Mit einigen Mitfahrern, wurde oben bereits erwähntes Spiel anvisiert. Mit Zwulf ging es aus der Landeshauptstadt in Richtung Sebnitz. Wenige Meter hinter der Grenze wurde sich auf einem Parkplatz mit den Mitreisenden getroffen. Diese kamen im eigenen Fortbewegungsmittel aus der Bierstadt angefahren. Kurz angehalten, Rauchwaren besorgt, Strecke gecheckt, ausgetreten und ab ging die wilde Fahrt. Das Führungsfahrzeug hatte den vermeintlich einfachen Weg über tschechische Landstraßen auf dem Mobiltelefon geprüft. Wie sich alsbald zeigen sollte, allerdings nicht gründlich genug. An der erstbesten Tankstelle in Rumburk wurde noch schnell der Durst des Fahrzeuges gestillt und der Euro in Kronen getauscht. Diese Ersatzwährung wurde zum Kurs von 1:25 gewechselt. Klang für alle Anwesenden vernünftig und die gute Verkäuferin bekam vor lauter Euroscheinen ihre Registrierkasse kaum noch zu. Die Weiterfahrt erolgte durch das schöne Böhmen. Der Beifahrer konnte sich in aller Ruhe seinem Bierkonsum hingeben, ebenso wie die Mitfahrer im Führungsfahrzeug. Zwulf wurde vom CEO mit neuer Hardware bestückt und es konnte tatsächlich noch eine Kasette mit AUX-Stecker käuflich erworben werden. So konnte die mittlerweile legendäre so´n hafer Playlist über das Radio und die Lautsprecher gehört werden.

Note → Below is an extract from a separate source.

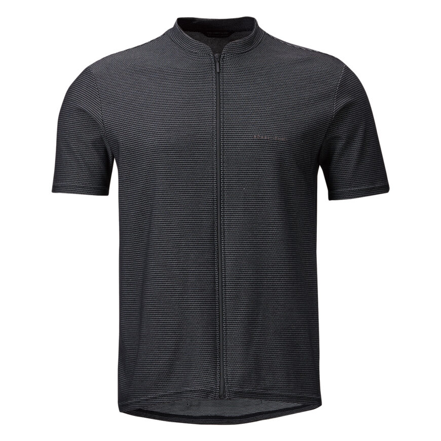 表裏に凹凸のあるコットンのような肌触りでカジュアルテイストの素材を採用し、吸汗性能に優れる「クールマックス」を採用したドライな着心地。身頃裾にゴムが入っていないゆとりのあるシルエットに、メタル調ファスナーなどディテールにもこだわったシンプルで着やすいデザイン。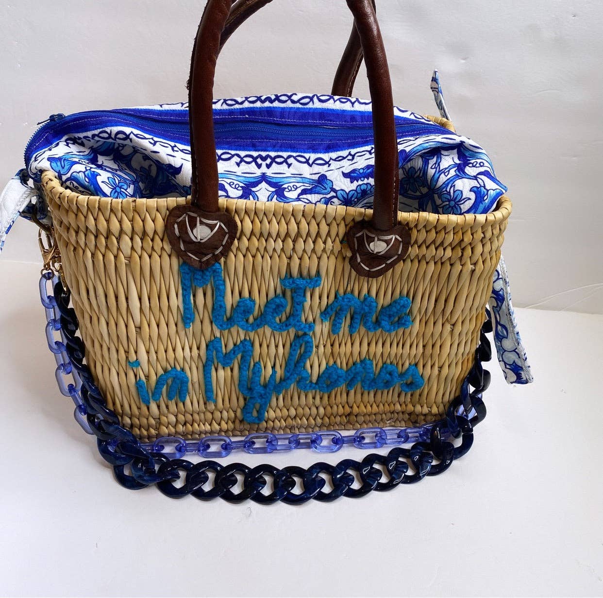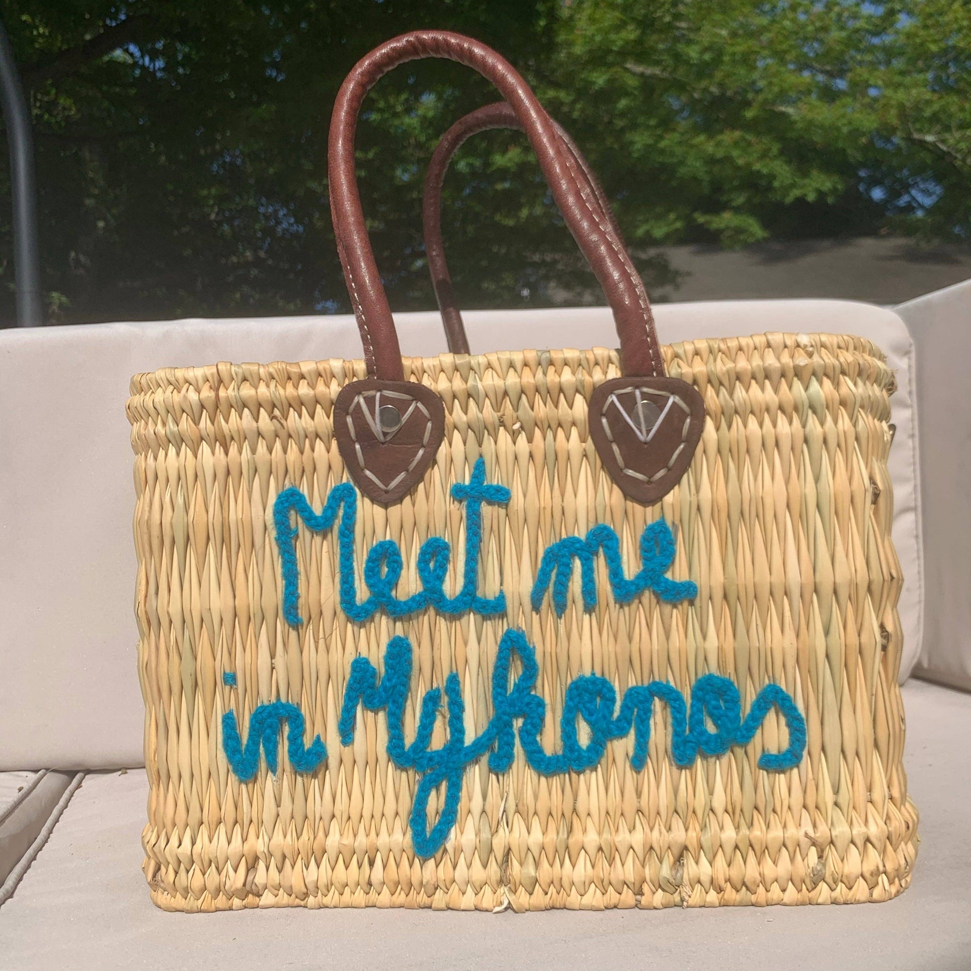 Lilliana Meet Me In Mykonos Leather Handle Reed Bag

So konnte der ein oder andere Kilometer hinter sich gebracht werden und ehe man sich versah, war man schon in Seifhennersdorf. Ja, richtig, wir waren wieder in der BRD. Wer sich etwas mit der Geographie beschäftigt, wird feststellen, dass Seifhennersdorf ein kleiner Zipfel Deutschland in der ehemaligen CSSR ist. Nachdem einige Schleichwege erprobt und mehr als einmal Passanten zur Fragerunde gebeten wurden, konnte der Weg zum Ziel doch noch gefunden werden. Auch der Weg zum Stadion in Varnsdorf konnte nach einem gezwungenen Umweg (Feuerwehreinsatz nach Motorradunfall) und einem freiwilligen Umweg ("Ich seh doch schon die Tribüne!" - War aber doch nur ein Hallenbad) dann doch recht schnell erreicht werden.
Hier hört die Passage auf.